The inventors investigated a method that does not use ion exchange resin as a method for separating radionuclide ions and iron ions dissolved in the decontamination solution from the decontamination solution, and found that iron(II) oxalate dihydrate We considered the use of the precipitation reaction.

Iron (II) oxalate dihydrate (Fe(C ₂ O ₄ ).2H ₂ O) is deposited on the surface of carbon steel members during decontamination using oxalic acid. Decontamination efficiency of carbon steel members decreases due to precipitation of iron(II) oxalate dihydrate. Therefore, in order to improve the decontamination efficiency of carbon steel parts, organic acids other than oxalic acid are injected into the oxalic acid aqueous solution in order to dissolve iron(II) oxalate dihydrate formed on the surface of carbon steel parts. Alternatively, an oxidizing agent that oxidizes Fe ²⁺ to Fe ³⁺ is injected into the oxalic acid aqueous solution. The dissolved radionuclide ions and iron ions are removed from the oxalic acid aqueous solution by being adsorbed on the cation exchange resin. However, the inventors thought that it would be possible to reduce dissolved Fe ³⁺ to Fe ²⁺ , form iron (II) oxalate dihydrate on the surface of the carbon steel member, precipitate it, and separate it.

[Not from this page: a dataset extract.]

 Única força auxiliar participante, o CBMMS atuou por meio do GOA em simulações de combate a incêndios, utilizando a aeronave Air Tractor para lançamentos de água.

Therefore, in order to confirm whether the dissolved radionuclide ions were incorporated into the precipitated iron(II) oxalate dihydrate, carbon steel was immersed in an oxalic acid aqueous solution to which Co-60 was added. The amount of iron (II) oxalate dihydrate formed and the rate of transfer of Co-60 contained in the aqueous solution to iron (II) oxalate dihydrate were investigated. The results are shown in FIG. According to Figure 4, as iron(II) oxalate dihydrate is formed on the surface of carbon steel, Co-60 is incorporated into iron(II) oxalate dihydrate formed from an aqueous oxalic acid solution. I know I'm going.

The reason why all of the Co-60 contained in the oxalic acid aqueous solution was not removed from the oxalic acid aqueous solution is that under the present test conditions, the formation of iron(II) oxalate dihydrate took place on the carbon steel surface. This is because the formation of iron (II) oxalate dihydrate on the carbon steel surface was suppressed by coating the carbon steel surface with iron (II) oxalate dihydrate. If the formation of iron(II) oxalate dihydrate continues, it is thought that all of the Co-60 contained in the oxalic acid aqueous solution will be removed.

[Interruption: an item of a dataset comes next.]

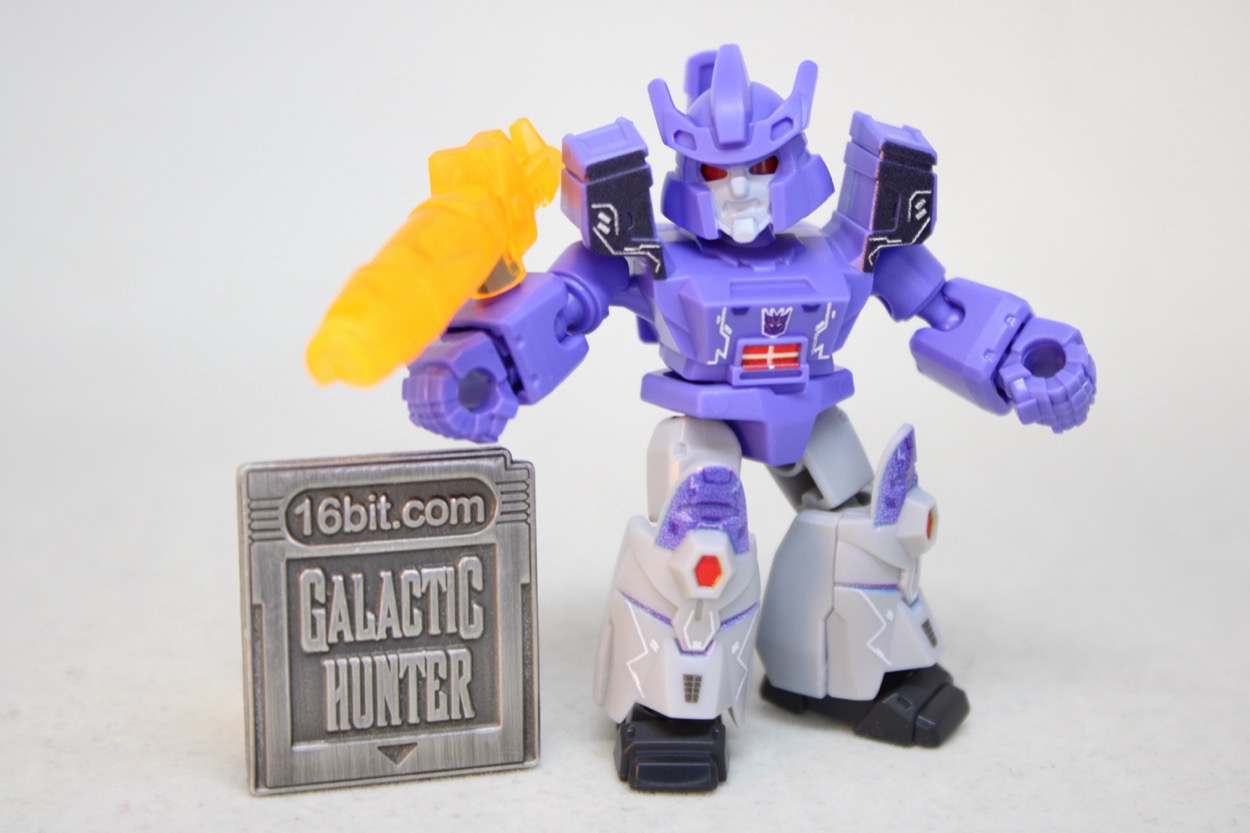 In each case of Blokees Defender figures you get at least one chase - this series it'll be either Jetfire or Galvatron. Since I found plain Jane Galvatron, I assume a fancy cool Jetfire awaits me in the next few boxes. It's a pretty great little figure, even without the fancy enhancements. He's got angry teeth, but sadly they're only painted white on the super duper chase 1:144 version. The orange cannon has a silver element on the back in both special versions... but the plain one is just orange. It's still neat, and I'd still have gone nuts for it about 25-30 years ago back when getting an oddly posed Super Collection Figure would be a huge win.

Next, we investigated how much dissolved iron would be removed from the oxalic acid aqueous solution as iron(II) oxalate dihydrate by reducing Fe ³⁺ to Fe ²⁺ . In conducting this study, first, the solubility of Fe ₂ O ₃ and iron (II) oxalate dihydrate in the oxalic acid aqueous solution was investigated with respect to the oxalic acid concentration of the oxalic acid aqueous solution. In tests to investigate these solubility, Fe ₂ O ₃ powder or iron (II) oxalate dihydrate powder was added to water at 90°C that was purged with nitrogen and shielded from light, and the iron concentration in the water was determined. It was measured. After the measurement, oxalic acid was added to the water and dissolved in the water for about 1 hour, and then a portion of the water was sampled to measure the Fe concentration and the oxalic acid concentration. This operation was repeated, and the relationship between oxalic acid concentration and dissolved iron concentration was investigated for each of Fe ₂ O ₃ and iron (II) oxalate dihydrate.

The results are shown in FIG. The concentration of Fe ³⁺ (iron concentration), indicated by Δ, dissolved from Fe ₂ O ₃ increases linearly as the oxalic acid concentration of the oxalic acid aqueous solution increases. On the other hand, the concentration (iron concentration) of Fe ²⁺ dissolved from iron (II) oxalate dihydrate, indicated by ○, increases to about 50 ppm when the oxalic acid concentration of the oxalic acid aqueous solution reaches about 500 ppm, and Even if the acid concentration was increased, the oxalic acid concentration increased only to 80 ppm at 5500 ppm, and showed a tendency to saturation with respect to the oxalic acid concentration. When the oxalic acid concentration is about 500 ppm or more, the concentration of Fe ³⁺ dissolved from Fe ₂ O ₃ is higher than the concentration of Fe ²⁺ dissolved from iron (II) oxalate dihydrate. The difference between the Fe ³⁺ concentration and the Fe ²⁺ concentration at an oxalic acid concentration of 500 ppm or more corresponds to the iron concentration that is precipitated when Fe ³⁺ is reduced to Fe ²⁺ .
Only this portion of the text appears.